- Nickname: Ivan Kosančić
- Born: 1876 Pavlica, Raška, Ottoman Empire (now Serbia)
- Died: May 25, 1905 (aged 29 or 30) Velika Hoča, Ottoman Empire (now Kosovo)
- Allegiance: Serbian Chetnik Organization (1903–05)
- Service years: 1903–05
- Rank: vojvoda (duke)

= Savatije Milošević =

Savatije Milošević (Саватије Милошевић; 1876 – 1905), known as Vojvoda Savatije, was a Serbian hajduk and Chetnik commander.

==Life==
===Early life===
Savatije Miličević Milošević (Саватије Миличевић Милошевић) was born in Pavlica, Raška, at the time part of the Ottoman Empire (today Serbia).

At the age of 25, Milošević murdered Pavle Jasnić, a chief of a srez (municipality) in Raška, because of a blood feud, and joined the hajduks (brigands) with whom he was active in the Ottoman Empire. He found refuge in Peć, Kosovo Vilayet, at the house of Albanian kachak Mula Zeka. When the authority started searching for him, he fled to the Principality of Montenegro.

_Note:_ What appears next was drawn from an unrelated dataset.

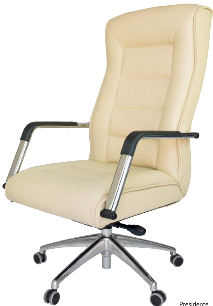
Presidente cód. 53320
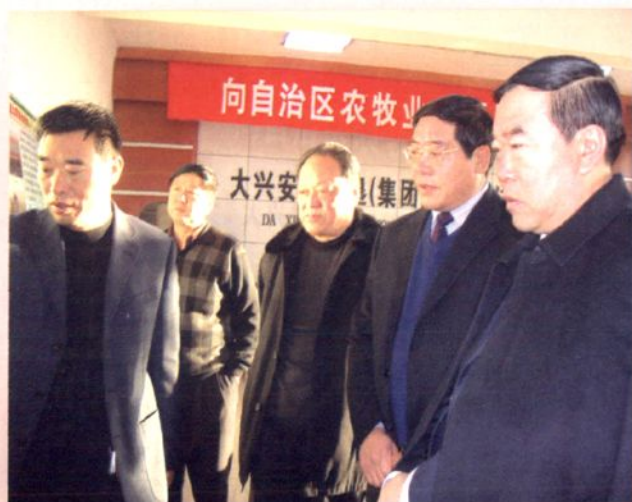
自治区农牧业厅厅长陶克（右一） 来垦区视察工作

===Serbian Chetnik Organization===
He participated in the famous battle at Čelopek (April 1905). Together with Lazar Kujundžić and Živojin Milovanović he turned and went for Poreče, through Kosovo and Metohija and Podgora, in order to bypass Ottoman harassing in the Kumanovo region. Milovanović, as a Serbian officer, was to establish the headquarters of Western Povardarje. The company was betrayed in Velika Hoča on May 25, 1905, by local Albanians who had initially promised (see besa) their security, thus they were forced to battle the Ottoman Army and neighbouring Albanian kachaks where they were killed.

==Legacy==
A street in the Zvezdara neighbourhood of Belgrade bears his name, as well as a street in the town of Raška.